• _Task item_
What you return should be only the lines in the entries below between the one holding "双辫子头也是非常适合头发硬的" and the one holding "Mala a tiracolo em raspa de couro - Dourado", ends included, with every picture left out.

• _The data_

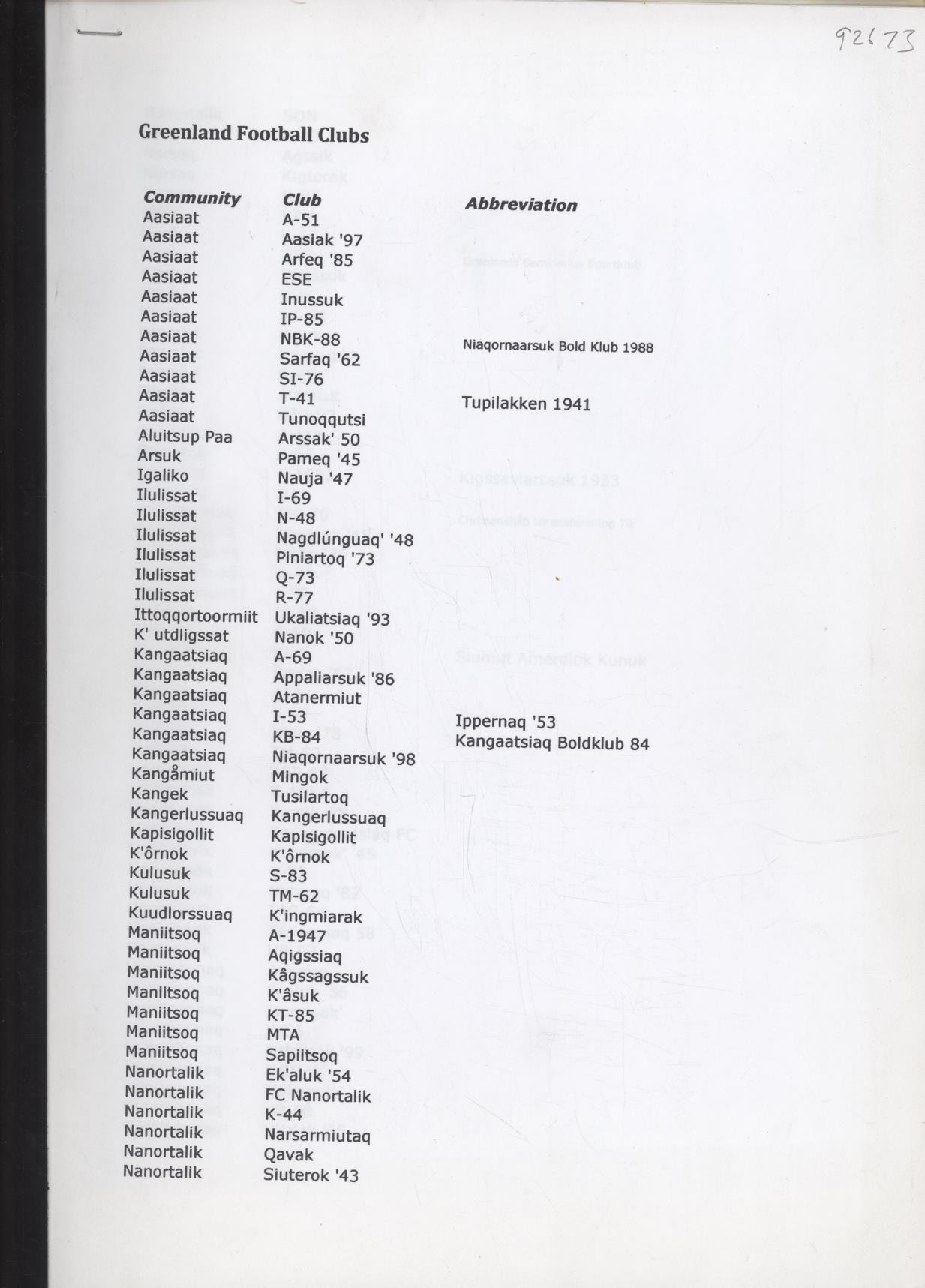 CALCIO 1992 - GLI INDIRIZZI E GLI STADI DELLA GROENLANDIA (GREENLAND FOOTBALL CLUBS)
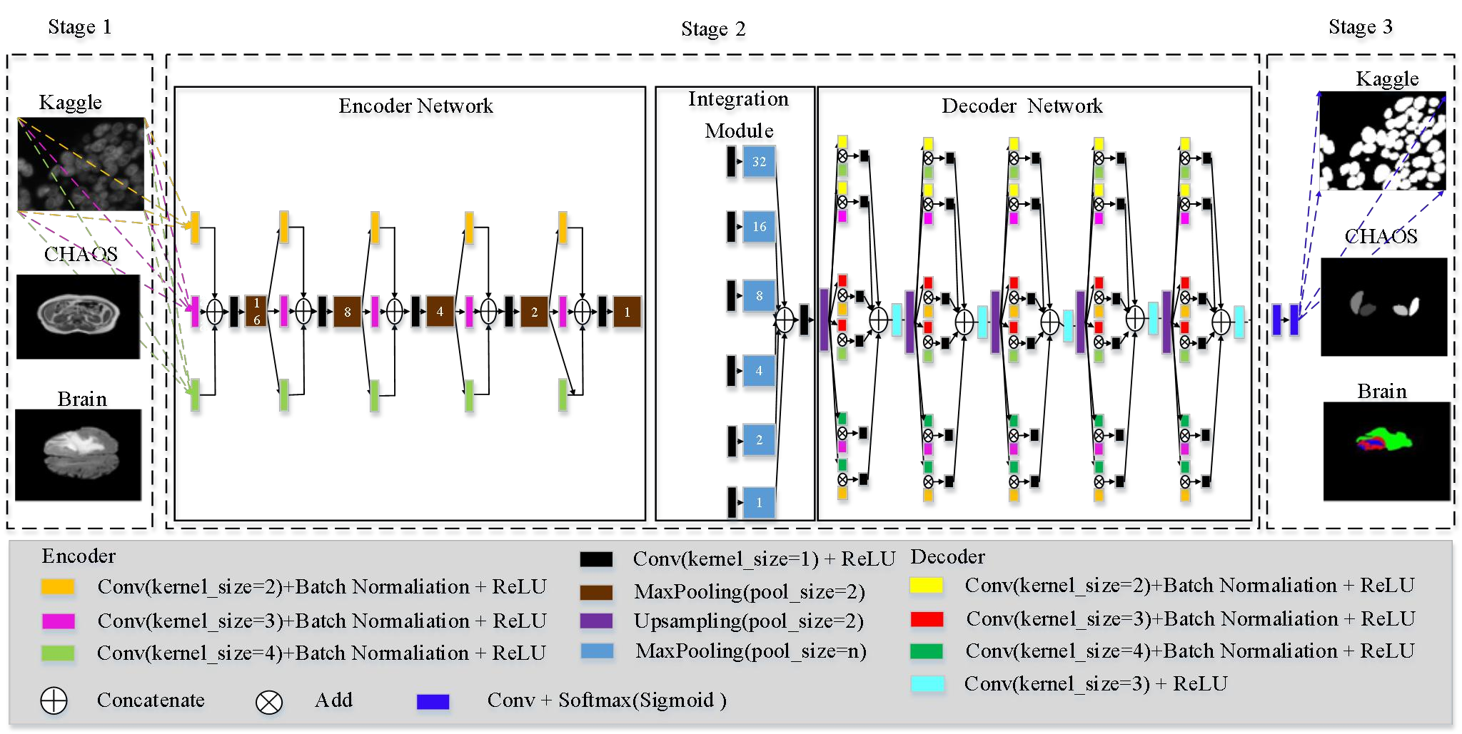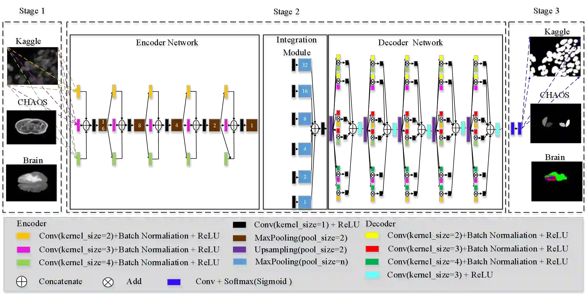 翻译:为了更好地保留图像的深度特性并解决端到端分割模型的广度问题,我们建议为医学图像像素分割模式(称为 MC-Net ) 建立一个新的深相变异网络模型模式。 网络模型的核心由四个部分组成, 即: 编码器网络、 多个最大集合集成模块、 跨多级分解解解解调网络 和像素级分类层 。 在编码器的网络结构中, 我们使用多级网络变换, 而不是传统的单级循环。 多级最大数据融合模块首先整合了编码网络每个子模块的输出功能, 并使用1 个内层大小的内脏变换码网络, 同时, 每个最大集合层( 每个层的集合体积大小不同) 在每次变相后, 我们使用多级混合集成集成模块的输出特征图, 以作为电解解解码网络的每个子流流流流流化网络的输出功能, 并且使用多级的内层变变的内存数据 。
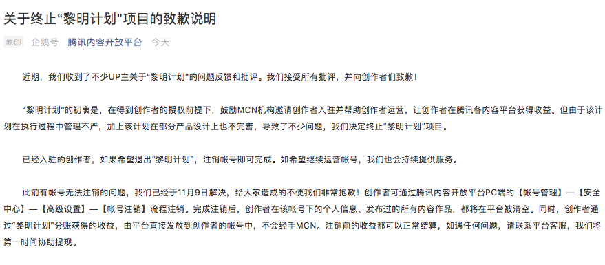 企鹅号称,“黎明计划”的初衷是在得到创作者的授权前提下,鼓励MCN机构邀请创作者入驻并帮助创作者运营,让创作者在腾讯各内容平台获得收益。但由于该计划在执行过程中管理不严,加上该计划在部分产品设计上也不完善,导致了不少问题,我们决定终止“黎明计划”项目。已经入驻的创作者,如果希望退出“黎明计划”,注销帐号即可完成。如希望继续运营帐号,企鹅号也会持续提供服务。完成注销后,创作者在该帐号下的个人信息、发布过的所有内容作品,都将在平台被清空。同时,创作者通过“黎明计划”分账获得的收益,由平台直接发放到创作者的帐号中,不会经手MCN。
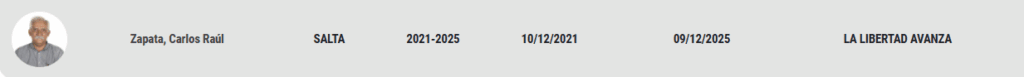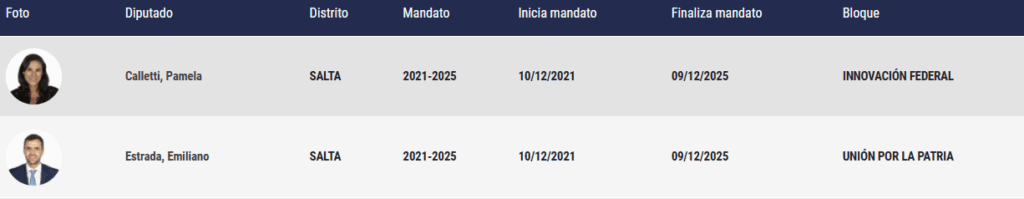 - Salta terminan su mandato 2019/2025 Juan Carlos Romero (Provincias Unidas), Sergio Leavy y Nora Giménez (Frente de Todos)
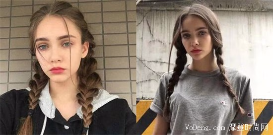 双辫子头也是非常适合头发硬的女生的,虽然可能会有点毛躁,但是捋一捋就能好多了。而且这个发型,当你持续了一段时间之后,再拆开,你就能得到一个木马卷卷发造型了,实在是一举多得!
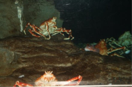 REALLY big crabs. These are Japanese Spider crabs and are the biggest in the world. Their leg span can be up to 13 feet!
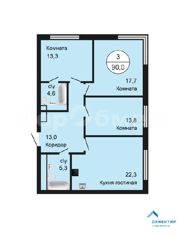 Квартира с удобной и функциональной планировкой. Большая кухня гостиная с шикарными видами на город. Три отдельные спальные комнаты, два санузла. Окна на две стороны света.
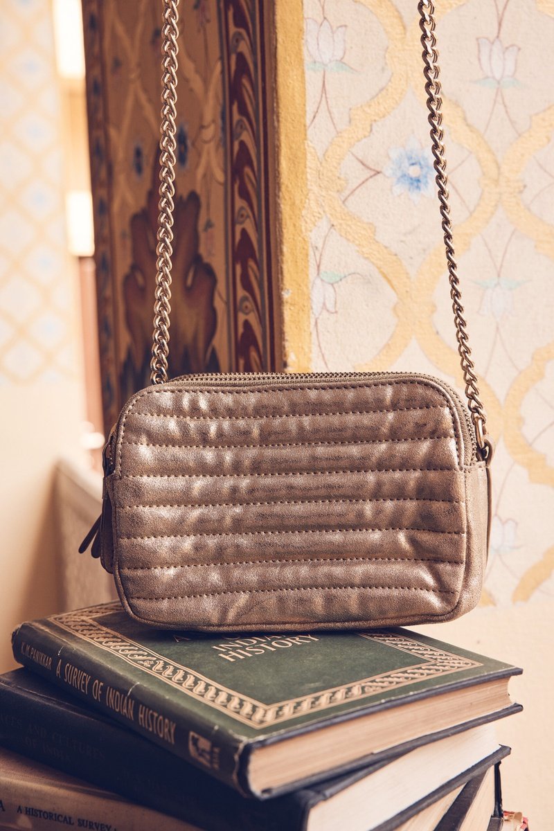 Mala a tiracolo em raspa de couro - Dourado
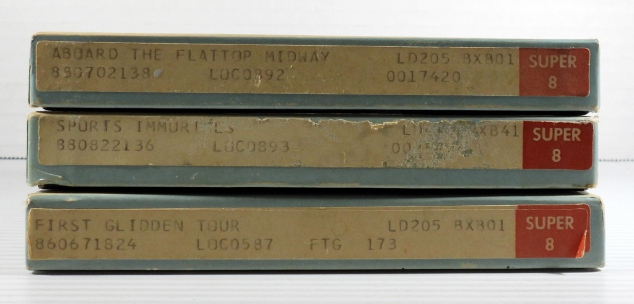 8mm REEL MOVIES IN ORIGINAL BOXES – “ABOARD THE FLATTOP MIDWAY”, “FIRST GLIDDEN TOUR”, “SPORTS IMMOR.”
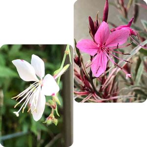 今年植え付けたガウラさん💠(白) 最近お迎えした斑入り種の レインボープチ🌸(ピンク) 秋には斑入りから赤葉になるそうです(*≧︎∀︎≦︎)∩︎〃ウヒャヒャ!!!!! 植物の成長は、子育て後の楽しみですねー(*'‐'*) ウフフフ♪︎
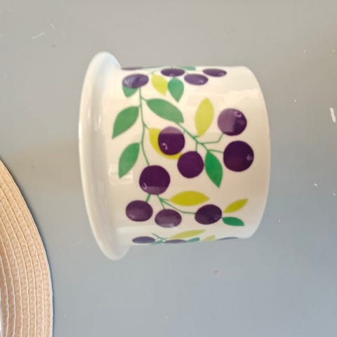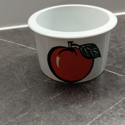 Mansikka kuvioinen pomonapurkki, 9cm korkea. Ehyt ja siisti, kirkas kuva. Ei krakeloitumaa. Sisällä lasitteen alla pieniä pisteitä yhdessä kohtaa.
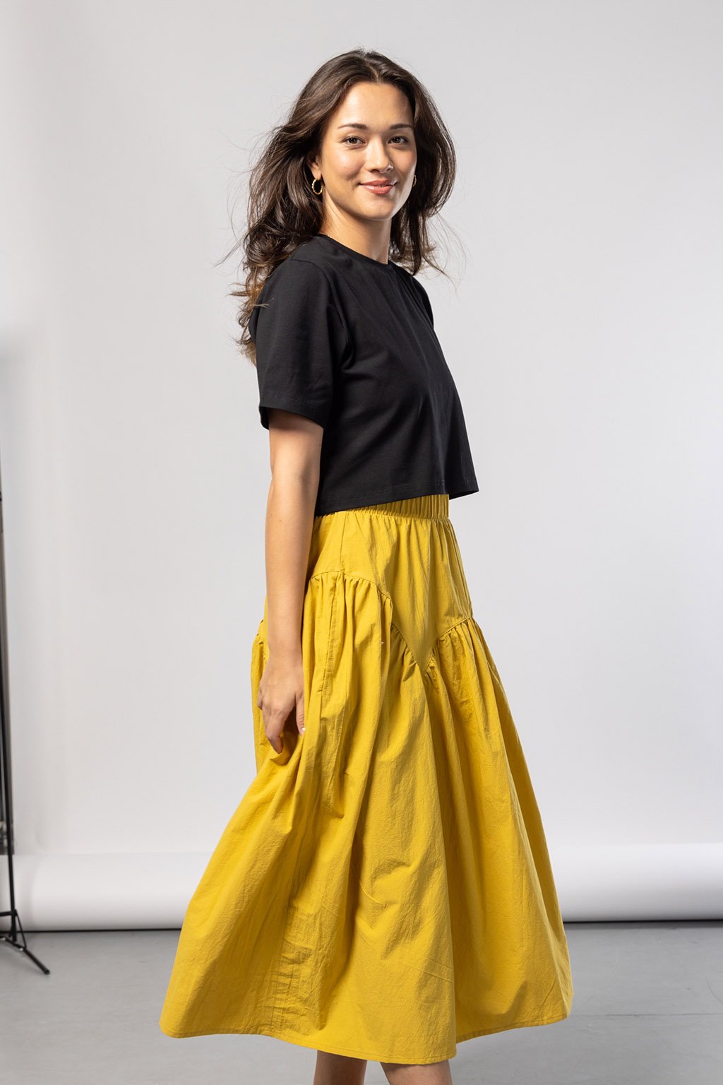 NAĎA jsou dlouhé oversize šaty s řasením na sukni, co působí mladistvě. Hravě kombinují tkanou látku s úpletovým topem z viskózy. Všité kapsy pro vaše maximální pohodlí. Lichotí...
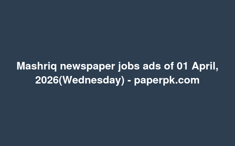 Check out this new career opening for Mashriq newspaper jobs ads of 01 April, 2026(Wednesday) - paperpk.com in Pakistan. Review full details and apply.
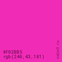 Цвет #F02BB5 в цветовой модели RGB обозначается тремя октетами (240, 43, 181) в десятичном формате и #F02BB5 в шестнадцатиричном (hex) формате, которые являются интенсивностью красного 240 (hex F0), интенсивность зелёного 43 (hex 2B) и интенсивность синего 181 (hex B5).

• _Result below_
 双辫子头也是非常适合头发硬的女生的,虽然可能会有点毛躁,但是捋一捋就能好多了。而且这个发型,当你持续了一段时间之后,再拆开,你就能得到一个木马卷卷发造型了,实在是一举多得!
 REALLY big crabs. These are Japanese Spider crabs and are the biggest in the world. Their leg span can be up to 13 feet!
 Квартира с удобной и функциональной планировкой. Большая кухня гостиная с шикарными видами на город. Три отдельные спальные комнаты, два санузла. Окна на две стороны света.
 Mala a tiracolo em raspa de couro - Dourado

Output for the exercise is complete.